Dundee, he says, is more his kind of town, United the challenge he needed. The history, the tremendous team of the Jim McLean era, doesn’t daunt him. “It’s actually one of the reasons I came here because I had nothing like that in my last job and I hated it.” So we end the conversation where we began, with fuming fly-pasts. His airborne aggrievement had not, he thinks, been wholly connected to performances on the park, even though it quickly followed Hearts being dumped out of the Scottish Cup by Hibs, then a division below. “There was an issue in the stadium, some unrest, and the club were trying to move a group out. As the manager you’re an easy target for any flak that’s going. I remember talking to some other managers later about protests. One said that a banner on the back of a plane must be the ultimate and I surprised them when I went: ‘I’ve had that.’ The guy came back with: ‘Blimey, you must have been terrible!’

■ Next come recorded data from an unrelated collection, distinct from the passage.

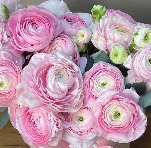 Состав: ранункулюс розовый 29 шт, эвкалипт цинарея, тишью розовая 2шт.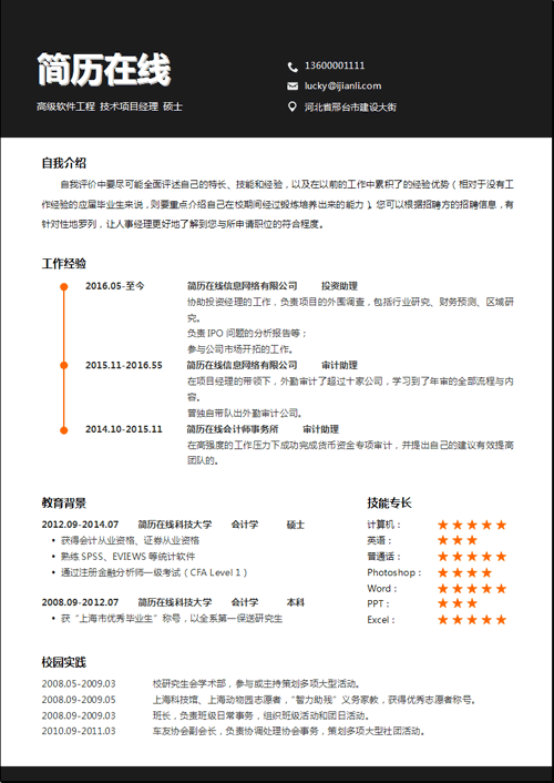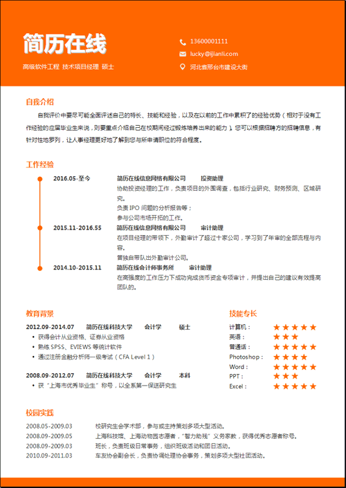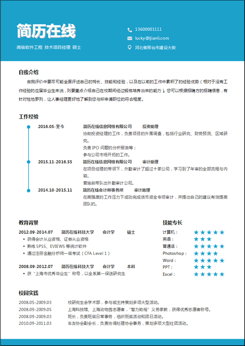 所下载的简历模板均可以全元素修改,编辑。全元素是指模板的所有内容,如文字、标题、图标、背景色、照片等等,这些均可以做添加、删除、复制、修改、替换等动作。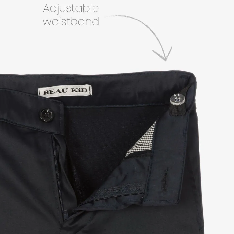 Smart navy blue tuxedo suit for boys by Beau KiD, comprising a suit, bow tie, pocket square and shirt. The navy blue honeycomb satin blazer has silky lapels and a black gemstone button fastenings. The white dress shirt has a winged collar for a classic look. The navy blue satin trousers have an adjustable waist, ensuring a good fit. The set is completed by a matching, adjustable bow tie.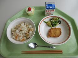 メニューは「五目ちらし寿司、鶏肉のから揚げ、小松菜のゴマ味噌和え、いちごプリン」です。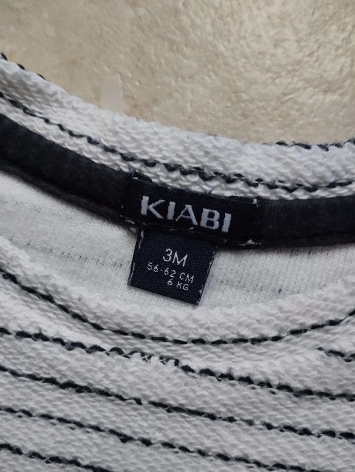 Pull blanc avec des lignes bleues 3 mois Kiabi Très bon état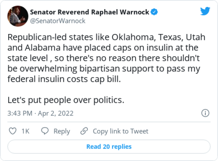 | | Yet, the legislation would need the support of at least 10 Republicans to clear the chamber. There's a huge question mark over whether that will be possible. As Mitchell put it, "We don't know where those 10 votes are." | | Sen. Raphael Warnock (D-Ga.): | | | | | | Remember Build Back Better? In the fall, Democrats clinched a compromise on a more comprehensive drug pricing bill between warring factions of its own party. The legislation included the $35 monthly out-of-pocket cap, but also other sweeping provisions, such as allowing Medicare to negotiate the price of medicines — a process which would apply to all insulin products. Democrats' economic package has been languishing on Capitol Hill for months. But if it does get revived, the drug pricing policies would likely be included, particularly since they have the support of Sen. Joe Manchin (D-W.Va.). | | However, health-care lobbyists expect Republicans would challenge whether the $35 cap for those with private insurance complies with the procedural rules Democrats would use to pass such a package. That could ultimately mean part of the policy to lower patients' insulin costs gets axed — unless it passes through one of the two efforts detailed above. | | |  | Reproductive wars | | Some Democrats are talking about abortion — but without saying the word | Demonstrators advocate for abortion rights. (Justin Sullivan/Getty Images) | | | Abortion rights groups are pressuring some Democratic lawmakers to fully embrace the word "abortion" over more coded language as they seek to mobilize voters ahead of a Supreme Court decision that could overturn Roe v. Wade, our colleague Caroline Kitchener reports. Behind the language: Democrats facing competitive races in 2022 and 2024 — including President Biden — have rarely used the word "abortion." Instead, they've relied on terms like "reproductive freedom" and "a constitutional right." | - Biden has included the word in three public statements and one tweet, but hasn't said it in public as president.

“In a funny sort of way, though, I almost took what happened as a back-handed compliment. Think of the trouble it must have taken to make the banner big and tough enough, and then to hire the plane. Something like that helps give you a thick skin because if there’s one quality a manager definitely needs it’s resilience.”

Out on the street he apologises once again for his previous coyness and I wish him and United well. Today there seem to be only clear skies ahead; tomorrow, though, will be another day. “I will get sacked again,” he says. “Hopefully that won’t be here but it will happen.”